One obstacle remains unresolved: no one has yet established the optimal dose of Omega-3 compounds needed to treat these diseases. This absence of consensus is precisely why the work matters. It is why Zúñiga and Orrego continue their experiments. They are not trying to prove that fish oil is good for you—that is already established. They are trying to identify the specific molecular mechanism by which one particular derivative might help repair damage that has already been done, and to do so with enough precision that a future drug could be developed not for general wellness but for a specific disease in a specific population.

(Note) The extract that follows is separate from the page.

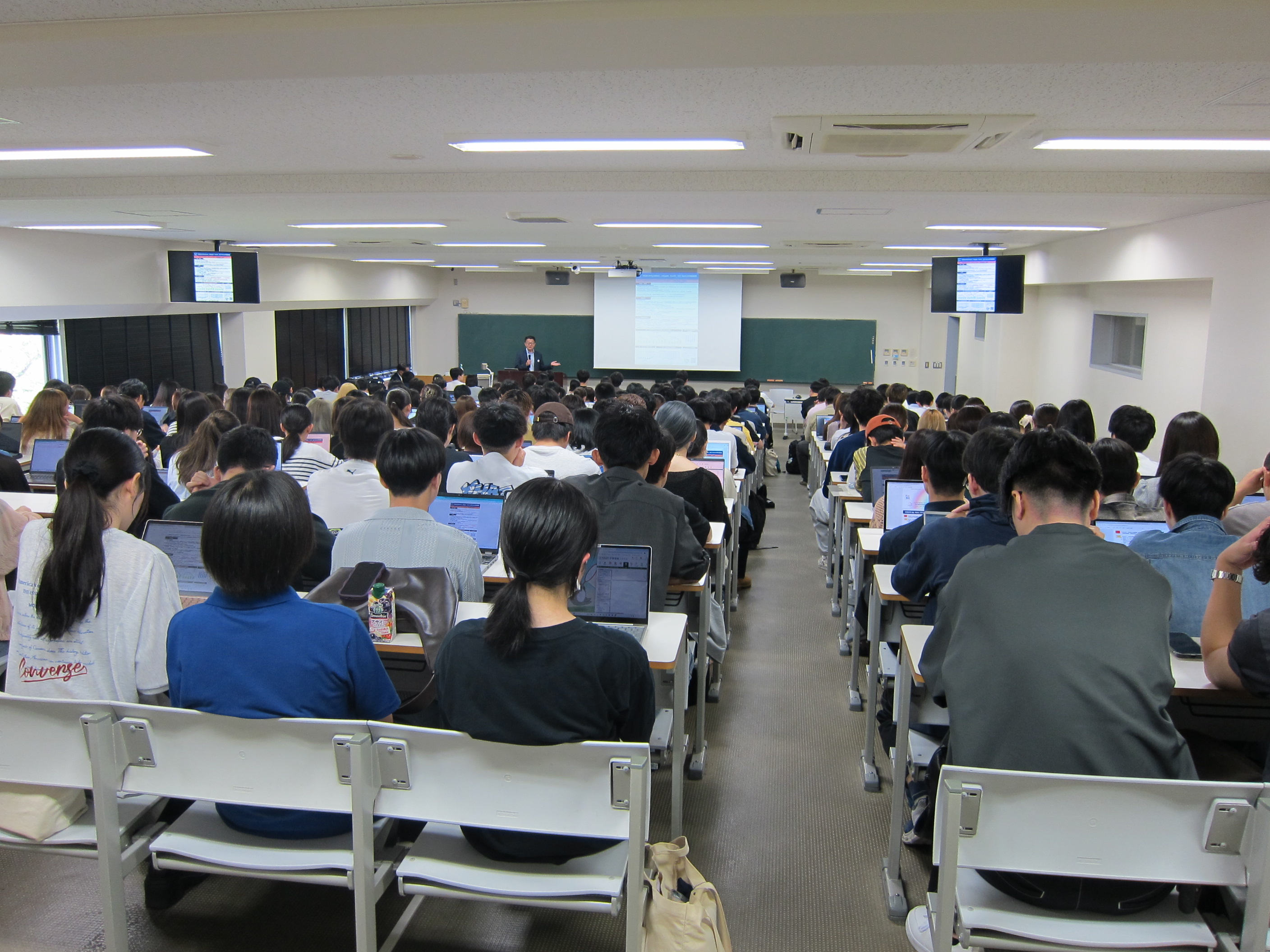 この日は全15回の講義のうち第1回で、福岡局長が「現下の情勢下における労働分野の諸課題と労働行政の取組」と題して、新潟大学の全学年から受講を希望した学生205人に講義を行いました。
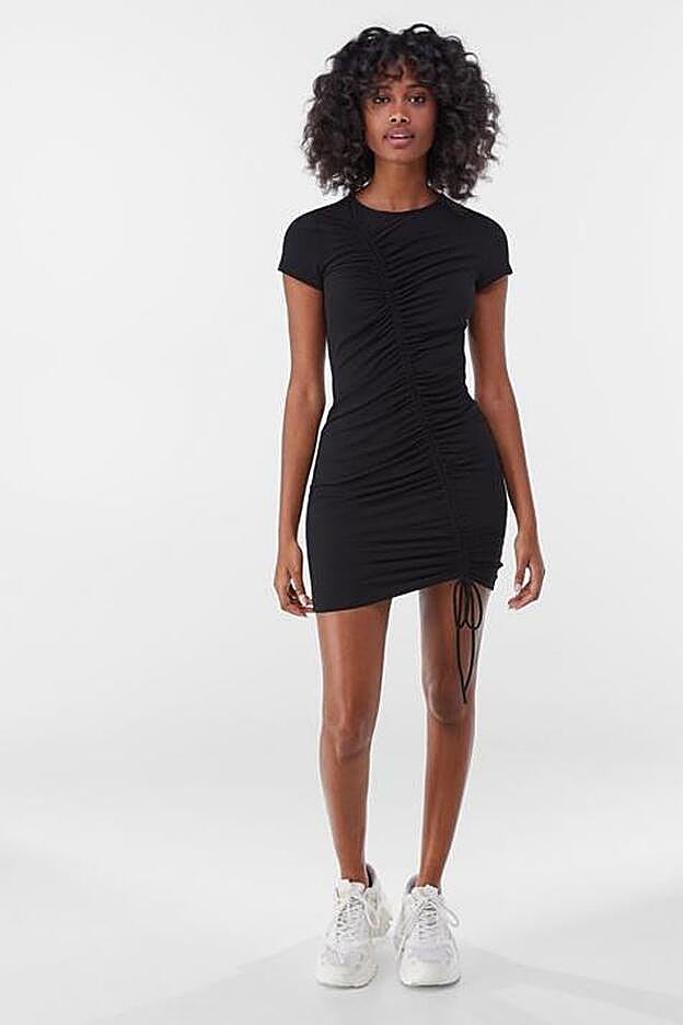 Se trata de un modelo súper barato (cuesta 15,99 euros) de manga corta, escote redondo y con el corto perfecto que nos ha enamorado no solo por su fruncido delantero que estiliza a más no poder, sino también porque pega con todo.

The objective is to identify a molecular pathway that explains how certain Omega-3 derivatives can improve specific diabetes conditions associated with obesity and liver damage
— Jéssica Zúñiga Hernández, lead researcher
The Hearth Conversation Another angle on the story
Inventor

Why focus on this one compound when Omega-3s are already well-known?

Model

Because knowing that something is good for you is different from understanding how to use it as medicine. Maresin 1 is what your body should make from Omega-3s, but when you have metabolic disease, that process fails. We're trying to bypass that failure.

Inventor

So you're replacing what the body can't make anymore?

Model

Exactly. In a healthy person, eating fish does the job. But once inflammation and metabolic disease take over, the conversion stops working. We're asking whether giving the body this specific derivative directly might repair the damage that's already happened.

Inventor

The preliminary results showed improvement. What does that actually mean in practical terms?

Model

The liver tissue looked better under examination. The chemical markers that indicate liver function moved back toward normal ranges. It's not a reversal of disease—not yet. But it suggests the pathway is real and worth pursuing further.

Inventor

Why hasn't this been tested in humans yet?

Model

Because we need to understand the mechanism first, and we need to know the right dose. Right now there's no consensus on how much Omega-3 you need to treat these diseases. We're still in the phase of asking whether this works at all.

Inventor

If it does work, how long until patients could access it?

Model

That's years away. We're still in experimental models. But if the mechanism holds up, and if we can identify the right dose, then yes—eventually this could become a drug for people whose diabetes and obesity have already damaged their livers.